No published study has tested this directly. The Martian benchmark is a strong step: independent researchers, real production PRs, multi-tool evaluation, two layers of measurement. It does not measure generator-reviewer error correlation. That measurement is the missing layer, and the field is deploying generation-plus-review pipelines without it.

The Mirror Check
There is a version of AI code review that works as advertised. It catches the bugs human reviewers miss because they are fatigued, or because the PR is 1,400 lines and nobody reads PRs that long carefully, or because the issue is in a module the reviewer does not own. Anthropic's auth-breaking one-liner is real. The 7.5 issues per large PR is probably real. The throughput advantage over human review alone is real.

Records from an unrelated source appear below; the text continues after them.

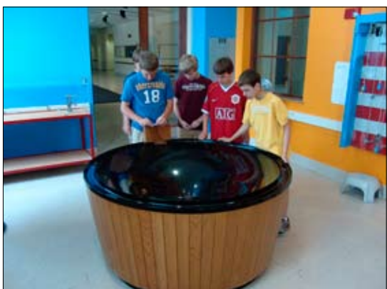
Students peering into black hole.
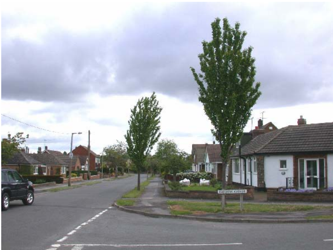
Figure L2 Fastigiate cherries planted in a narrow verge do not spread into neighbouring property or over the highway
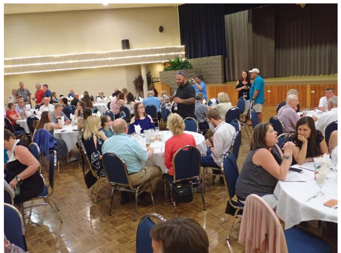
Ukrainian Family Dinner – Ukraine is known as the bread basket of the Soviet Union. Today 1 in every 5 Albertan can claim a Ukrainian ancestry.
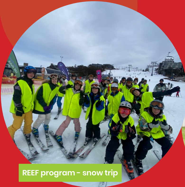
REEF program - snow trip
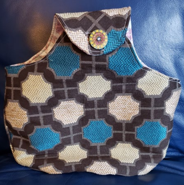
My First Walker Bag

I hope I can encourage you to put forward your talents for next
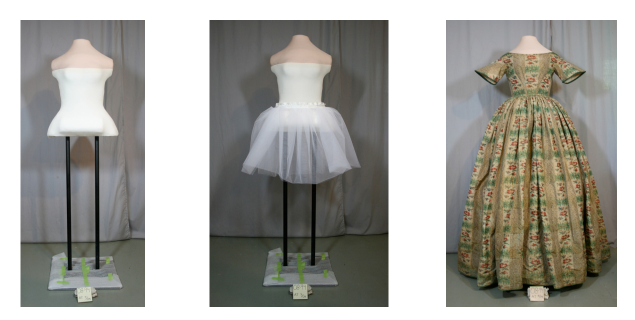
Figure 9: 1830s Taffeta Dress: Figure 9a (left): The elongated torso armature. Figure 9b (middle): Armature with first layer of soft supports. Figure 9c (right): Fully dressed armature

In the exhibition, Woven by the Grandmothers, at the National Museum of the American Indian's Geroge Gustav Heye Center, all of the form's armatures for Navajo wearing blankets were made of PVC pipe. (Spicer & Heald, 1997) Here the same chief pose for this Navajo blanket was created with this new armature (figs. 10a-c). The PVC pipes were ideal for this temporary exhibit. They too were the internal armatures that were embedded into the Ethafoam®. The wide variety of fittings added to the flexibility of postures and poses. However, this one venue exhibit became a ten-venue exhibit, traveling to North, Central, and South America. In hindsight a more robust armature would have been better suited, and the metal armature making delegated to another specialty source. The tight exhibition schedule for this project only allowed for a production situation where the conservators performed all tasks or fabricated all mounting elements.
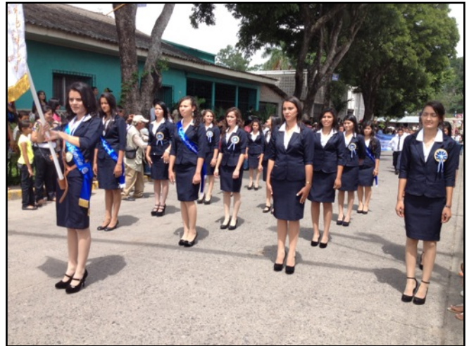
Seniors marching in the Honduras Independence Day Parade

There is also a version where AI code review functions primarily as organizational comfort: it produces reports, flags things, reduces the guilt of skipping dedicated review. If the system generating the code and the system reviewing it share training distribution and share blind spots, the review is not independent. It is a mirror check. The mirror confirms what you already look like. It cannot show you what you cannot see.
The field has spent 2025 measuring how fast AI can write code. It has spent early 2026 measuring how accurately AI can review code. The measurement nobody has built yet is what happens to the bugs that fall between those two systems, the ones the generator produces in the exact register the reviewer was trained to trust.
Amazon's senior approval mandate is blunt and unscalable. Anthropic's parallel agent review is sophisticated and self-validated. The Martian benchmark is independent and rigorous within its scope. All three are responses to the speed problem.
None of them answers whether the feedback loop has a hole at the bottom.